If Brahms produced a yet finer sequel to Op.18 in the G major Sextet (a finished work as opposed to a sketch, as has perhaps misleadingly been claimed), its superiority is underlined by a seemingly small aspect of the performances here which proves to have rather far-reaching consequences. Presumably in the interests of democracy, each of the group’s violinists gets a chance to lead. Whereas the pairs of violas and cellos are tonally quite closely matched, this is less true of the violins. In Op.36 the first violin is Monica Huggett’s, whose consistently sweet tone sits on top of the ensemble beautifully and effortlessly. By contrast, Pavlo Beznosiuk produces what might politely be called a more ‘throaty’ sound; for the higher registers of Op.18, which he leads, this results in a less well integrated soundscape, a situation not helped by the fact that his intonation is occasionally less than 100% accurate. Inevitably, in music whose density necessarily produces regular doublings, usually at the octave but even (perhaps unwisely on Brahms’s behalf?) in unison, intonation must be a major concern. The opening bars of the Poco adagio of the G major Sextet pose a related but somewhat different problem. Only three instruments are playing, violin 2 and viola 1 supporting the melody in violin 1 in accompanimental figures which are shadowing each other in ‘unscharfe Unisono’ (unsharp unison), to borrow the phrase Adorno coined for Mahler’s late works. An extraordinarily interesting effect, it warrants more care in both tuning and balance than it receives here. If all this seems hypercritical, it is because Hausmusik faces stiff opposition from its modern-instrument rivals, notably in the same pairing of works performed on Hyperion (CDA66276) by the Raphael Ensemble, recorded in 1988.

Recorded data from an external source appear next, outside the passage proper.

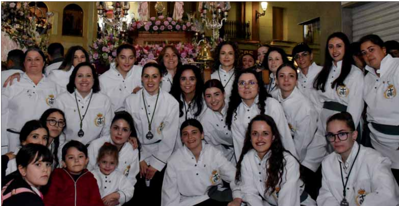
Las costaleras volvieron a llevar el paso de la Santa Cruz

Las Fiestas de Mayo se han proyectado desde el barrio al resto de Rute, con un concurso de cruces muy participativo culminado con la procesión de la Santa Cruz y la Virgen de la Sangre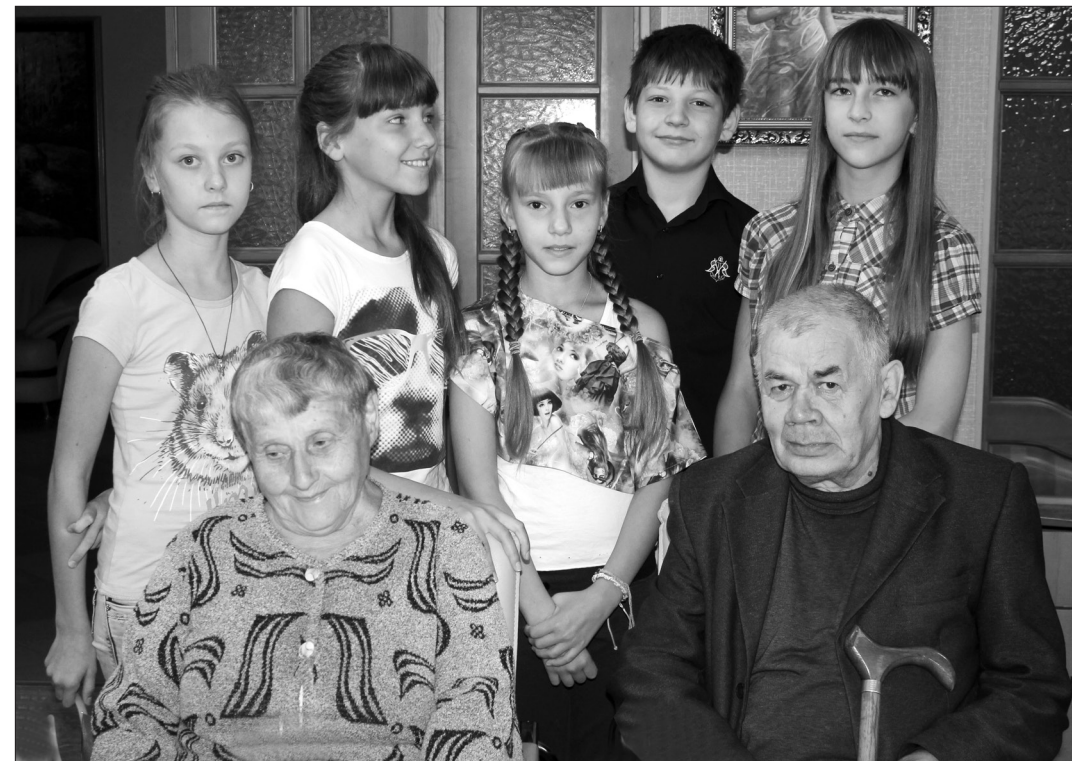
Волонтеры из гимназии №18 помогают постояльцам пансионата.

Н. дубских, заместитель директора.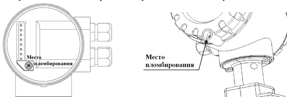
а) исполнение РС, исполнение СВ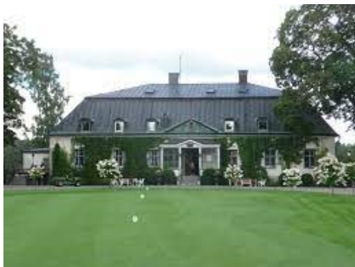
Hooks herrgård, Hok.

I kommunen finns en mångfald av spännande och intressanta kulturmiljöer, kulturhistoriska platser och byggnader. Flera är kända som populära besöksmål, ex. Miliseum, Hoks herrgård, hembygdsgårdar, Ålaryds skolmuseum. Här finns även flera vandringsleder, Munkaleden som ingår i Pilgrimsleder i Småland samt Höglandsleden som ingår i Smålandsleden.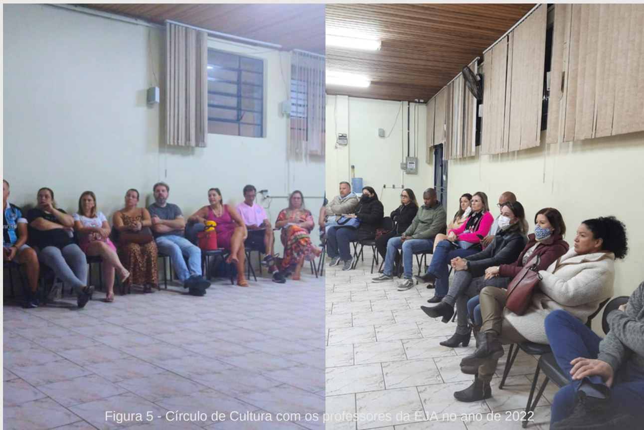
Figura 5 - Círculo de Cultura com os professores da EJA no ano de 2022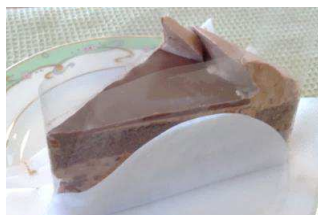
チョコレートケーキ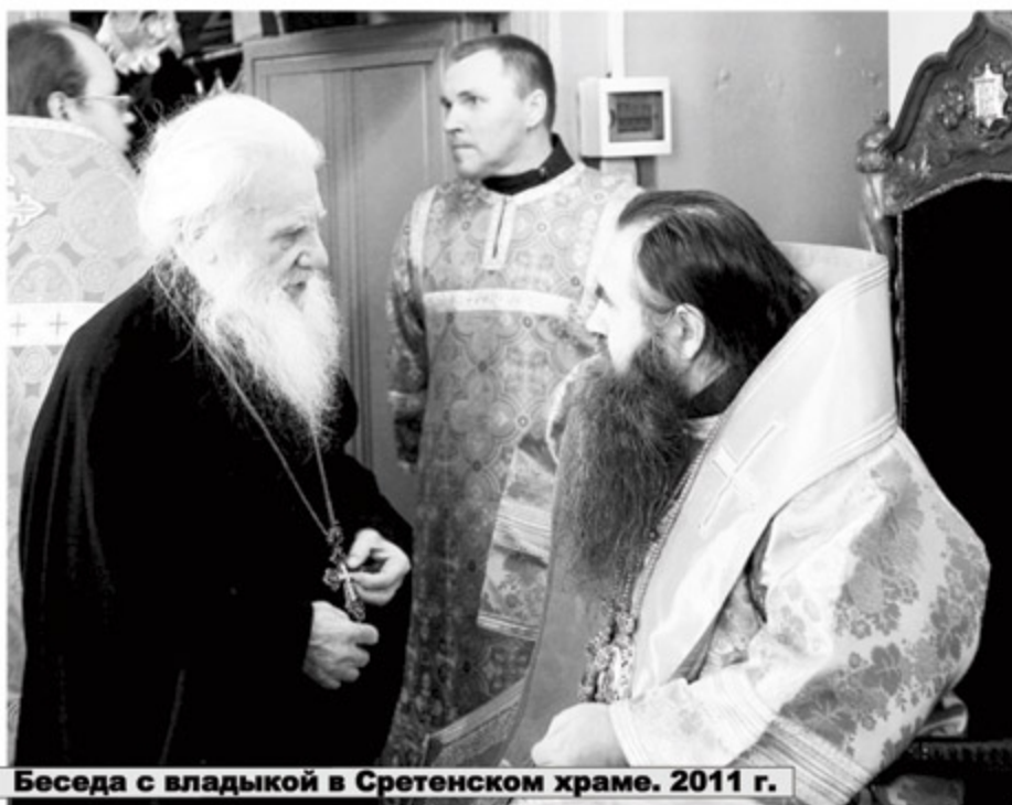
Беседа с владыкой в Сретенском храме. 2011 г.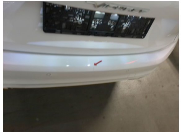
Abbildung 8: Siehe Pos.8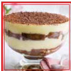
TIRAMISÙ FRESCO AL THÈ VERDE € 3,50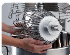
Estrazione utensile senza togliere la vasca Tool removal without bowl removal Extraction outil sans enlever la cuve Extracción del utensilio sin quitar la perol Herausnahme des Arbeitsgeräts ohne Entfernung des Kessels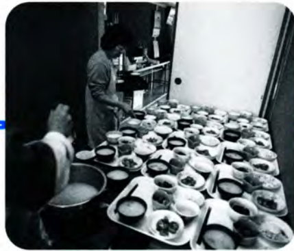
AM 11:45 昼食の用意に大忙し。ヘルパーさんが一人ひとりの量などに気を付けながら盛りつけます。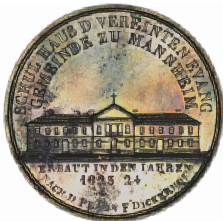
Medaille auf den Bau des Schulhauses der Vereinigten Evangelischen Gemeinde Mannheim, 1823.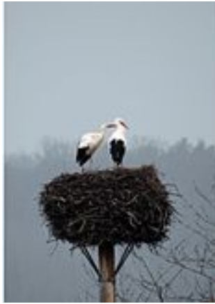
M1 - AXXY und Maxi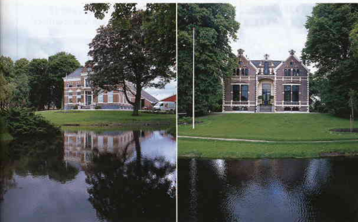
am. Deze naast elkaar gelegen slingeruinen zijn in de tweede helft van de 19e eeuw ontworpen door tuin- en landschaps-

Een overzichtsexpositie van de 'Boerenerven in het Oldambt' is te bezichtigen op 'De Boschplaatse' in Blijham, (0597) 56 12 03.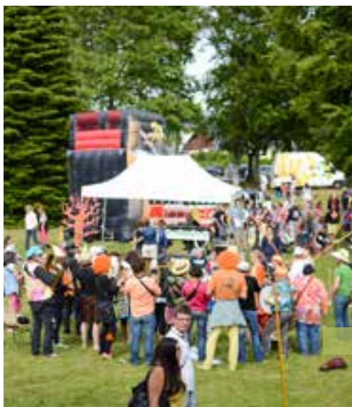
L'année dernière, la fête de quartier avait pour thème les années sixties.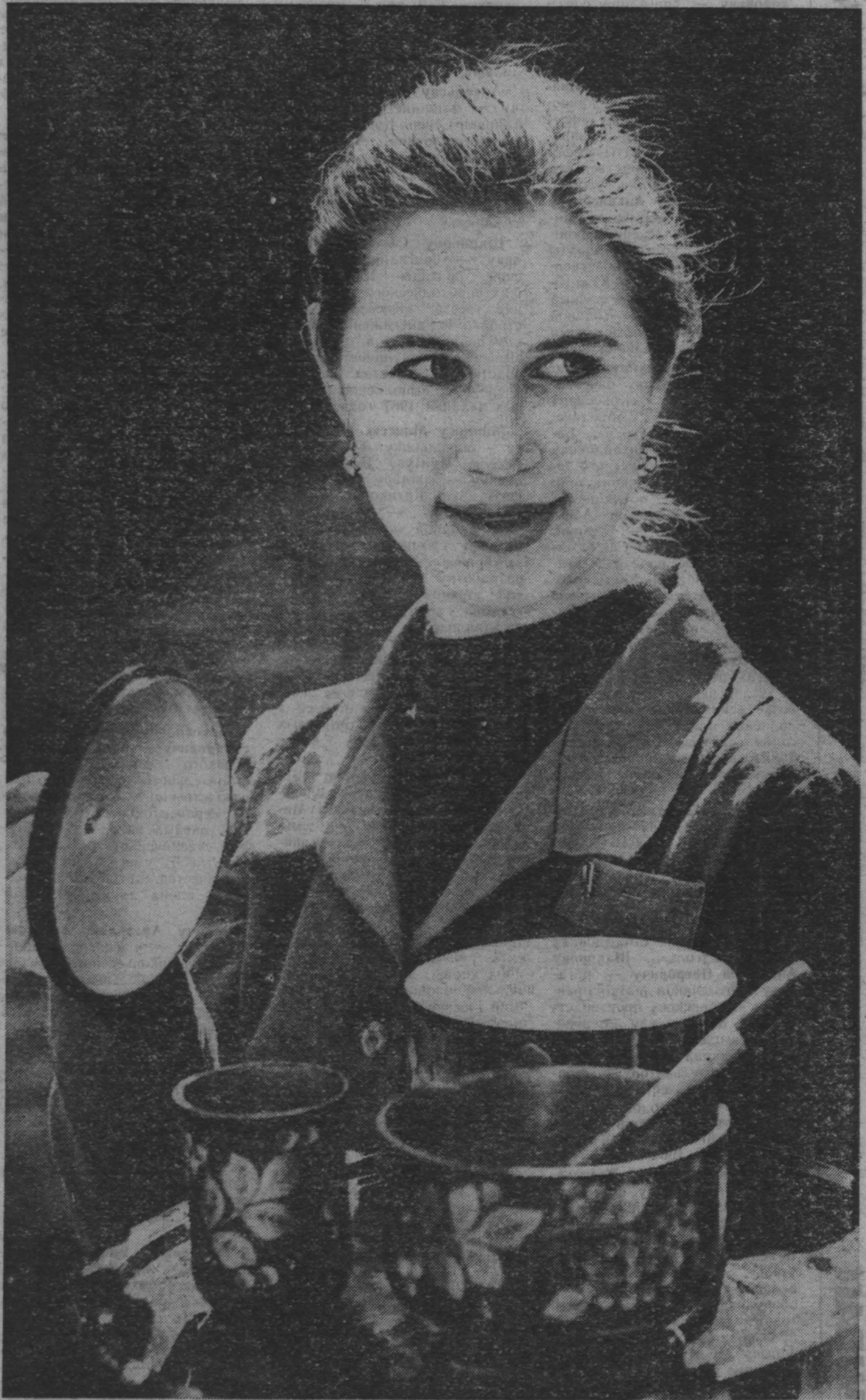
г. Кемерово. (Окончание на 5-й стр.)

Совет Министров РСФСР и Всесоюзный Центральный Совет Профессиональных Союзов, рассмотрев итоги Всероссийского социалистического соревнования за успешное выполнение Государственного плана экономического и социального развития РСФСР на 1987 год, постановили признать победителями и наградить переходящими Красными знаменами Совета Министров РСФСР и ВЦСПС за достижение высоких результатов во Всероссийском социалистическом соревновании, ус-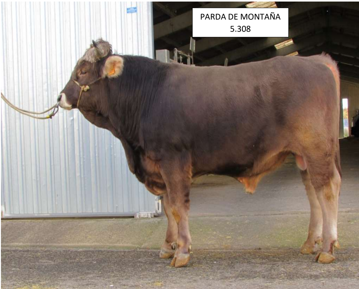
PARDA DE MONTAÑA 5.308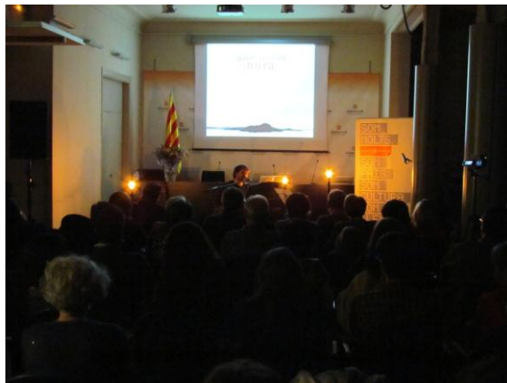
Acte de presentació i entrevista a la seu d'Òmnium, el passat 30 de novembre de 2011

http://www.elpuntavui.cat/noticia/article/5-cultura/19-cultura/483984-quan-la-creacio-es-sincera-no-es-deixa-manipular.html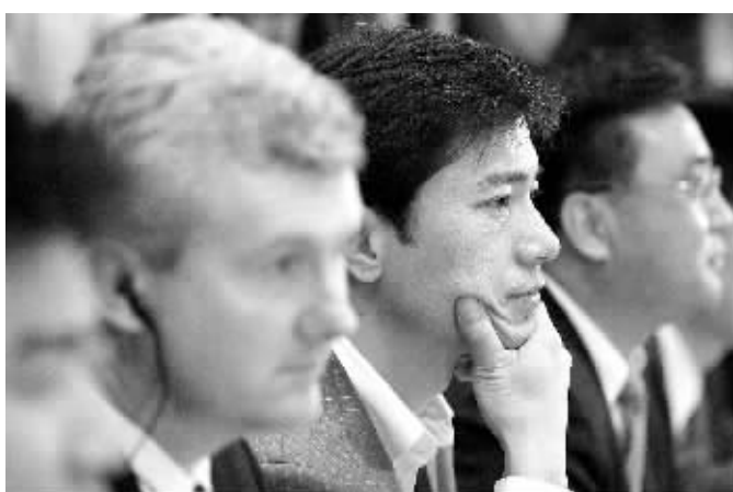
李彦宏(中) 百度CEO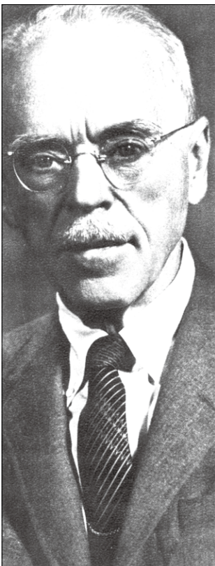
国際心臓財団 創立者・会長 ポール・D・ホワイト博士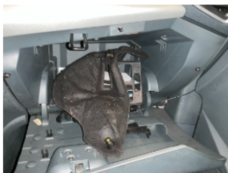
23. Nøkler / Utstyr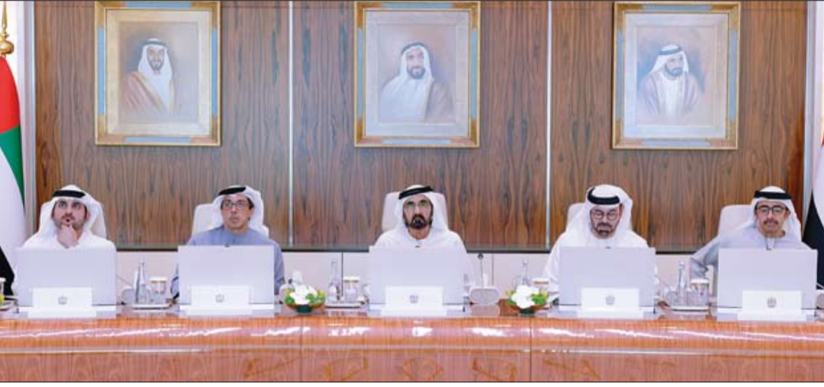
محمد بن راشد خلال ترؤسه اجتماع مجلس الوزراء (وام)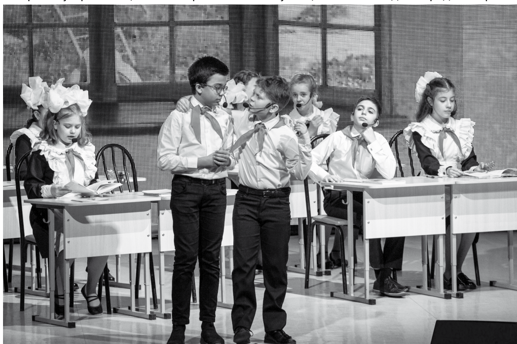
Праздник открылся театрализованной постановкой

Пришло время традиционных ценностей, сегодня все осознают, что в руках учителей, педагогов, наставников находится будущее нашей страны, умы и сердца подрастающего поколения. Настало время по-новому учить, вдохновлять, развивать могучую Россию. В связи с этим председатель комитета Госдумы по развитию гражданского общества, вопросам общественных и религиозных объединений Ольга Тимофеева обратилась с большой просьбой к землякам – воспитывать настоящих патриотов города, Ставропольского края и в целом великой страны – России. Лучшими педагогами-наставниками она назвала каждого педработника, обратившись к ним онлайн: «Дорогие наши, любимые учителя, воспитатели, наставники! Я была во всех школах нашего города и знаю состояние дел в каждой. Нам очень важно, чтобы у вас горели глаза, чтобы вы, заходя в класс, в школу, думали не о проблемах, а о том, что вы учите и воспитываете детей. Это важно как никогда. Низкий поклон вам за вашу работу, за то, что делаете каждый день. Низкий поклон тем педагогам, чьи воспитанники сегодня находятся на передовой».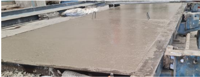
Gambar 6. Hasil pemerataan permukaan precast setelah pengecoran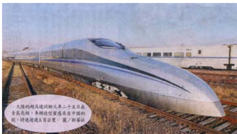
大陸的超高速試驗火車二十五日在青島亮相，車頭造型靈感來自中國的劍，時速將逾五百公里。圖／新華社

北京交通大學教授趙堅認為，法國已研發出時速五百七十四點八公里的列車，但未投入使用，大陸也不會以五百公里時速來營運。高速列車的研究方向應該在安全可靠的性能上，讓列車「開得起來，停得下來」才是正道。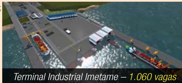
Terminal Industrial Imetame – 1.060 vagas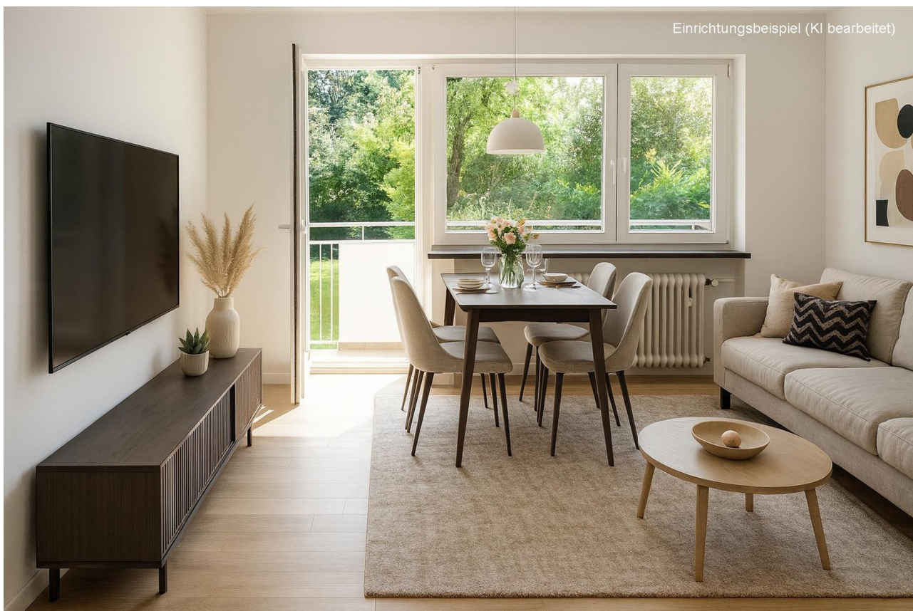
Wohnen (Einrichtungsbsp. KI)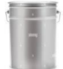
fût, jerrican, seau plus de 29 L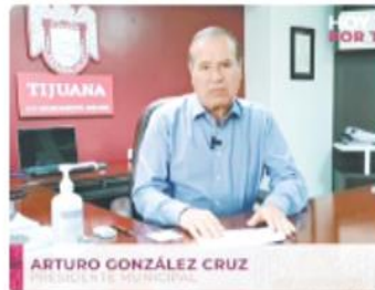
TIJUANA. Se informó sobre las acciones que el XXIII Ayuntamiento de Tijuana lleva a cabo para mejorar la calidad de vida de los ciudadanos.

TIJUANA. Con el propósito de mantener una relación cercana a los tijuaneños, durante la contingencia sanitaria, el presidente municipal, Arturo González Cruz, resolvió las dudas y atendió las peticiones de los ciudadanos, a través de una Conferencia Ciudadana, que se llevó a cabo de forma virtual, a través de las redes sociales oficiales del municipio. "Utilizamos las nuevas tecnologías para respetar los protocolos de salud necesarios, a fin de informar a la comunidad sobre las actividades que hemos estado llevando a cabo, como nuestro programa de servicio móvil de salud, con el que llamamos médicos y equipó a las personas más alejadas de la región, para que los vecinos sean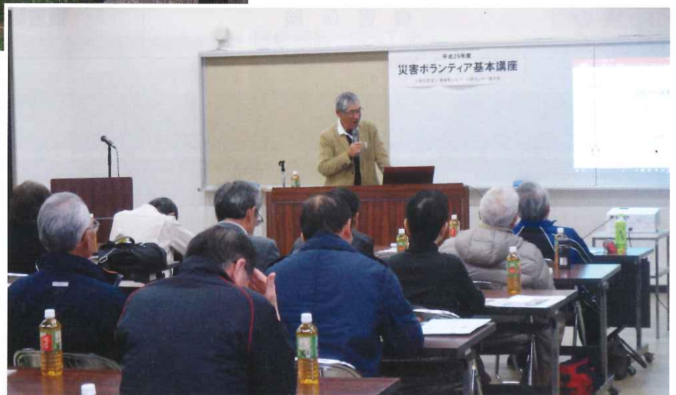
災害ボランティア基本講座 (H29.12.4 開催)

したが、天候の影響により昨年と比べて収穫量が減りましたが、収穫できた11俵につきましては、おかげさまで完売することが出来ました。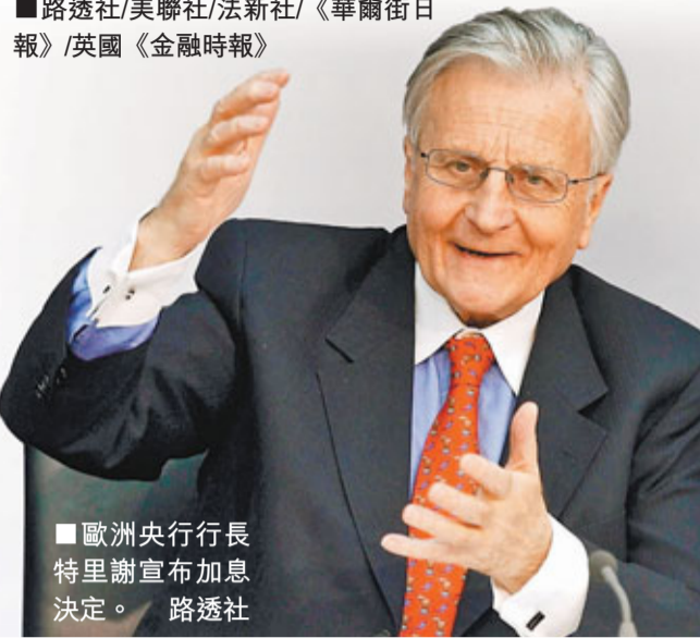
歐洲央行行長特里謝宣布加息決定。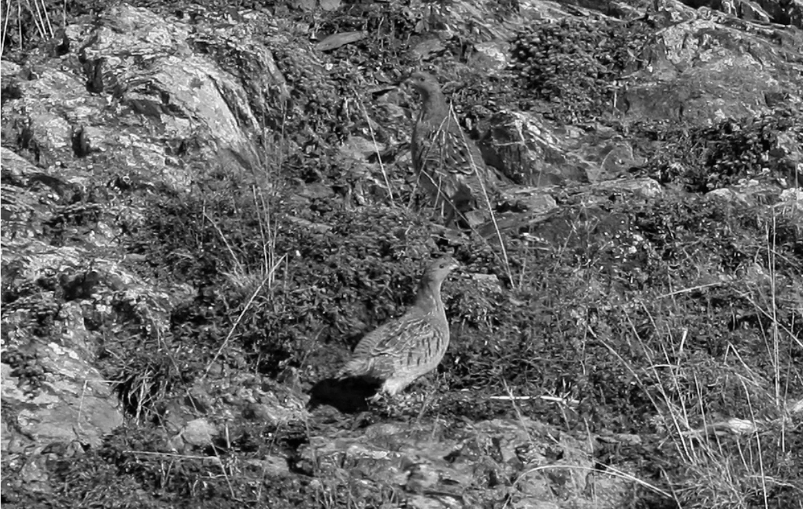
Oiseau strictement montagnard, la Perdrix grise pyrénéenne se rencontre au-delà de 1000 m d'altitude, atteignant le subalpin supérieur

Erismature rousse Oxyura jamaicensis (d=2) Deux femelles sont présentes le 12/01 à Vielleségure (SHo).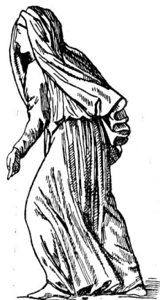
Германка. Рис. с колонны Антония в Риме

Важным дополнением к скотоводству в смысле обеспечения мясом, шкурами и кожей служила охота . Шкуры диких зверей служили и одеждой, и постелью. Рубаху и обувь, прикреплявшуюся к ноге ремнями, делали также из кожи домашних животных. Первоначально в связи с охотой стояло также добывание меда диких пчел. Отсюда еще задолго до н. э. у варваров развилось пчеловодство. Из меда изготовляли излюбленный напиток, заменявший варварам вино южных народов. Из рассказа Приска, посла императора к гуннам, узнаем, что при дворе Атиллы пили преимущественно мед. С развитием земледелия на первый план выступает пиво, брага, изготовлявшиеся без хмеля (это растение даже в IX в. было мало известно). Впрочем, варварская знать, особенно в странах, соседивших с Империей, рано пристрастились к вину, которым ее снабжали римские купцы. Чтобы покончить с напитками, отметим, что водка не была известна ни римлянам, ни варварам. Изготовление спирта и водки

For me, the Raphael remains the benchmark, and random side-by-side comparisons only served to confirm my admiration for the earlier performances. One area where period-instrument string playing often wins outright is in the sheer range of colours explored, either via the left hand (rapidity or width of vibrato, application of portamento) or the right (note shaping through varied bow speed or pressure). Surprisingly, the Raphael Ensemble is more resourceful in these respects than Hausmusik: maybe not everyone will warm to their occasional spurning of vibrato altogether, but the effect can be magical. Nor does Hausmusk quite match the unbuttoned vitality that the Raphaels bring to the central Presto giocoso of the Scherzo from the G major Sextet, nor the Mendelssohnian lightness of touch they apply to its outer sections, an erstwhile piano gavotte which Brahms raised to an altogether higher plane here. And then there’s the last movement of the G major, a far more convincing finale than that of the first sextet. In terms of clinical statistics, only twelve or so seconds separate these two readings, yet you would swear it were more! Hausmusik is slightly slower, but it is more that their mood sounds just too careful. For infectious music-making in this movement, following on the heels of a most lovingly played and perfectly paced Poco adagio, the Raphael brush off all competition. Hausmusik’s accounts are well worth hearing, and they are far more than interesting historically-informed documents (though they are that too!). But ‘good’ is not enough, when superlative accounts such as those on Hyperion can be yours.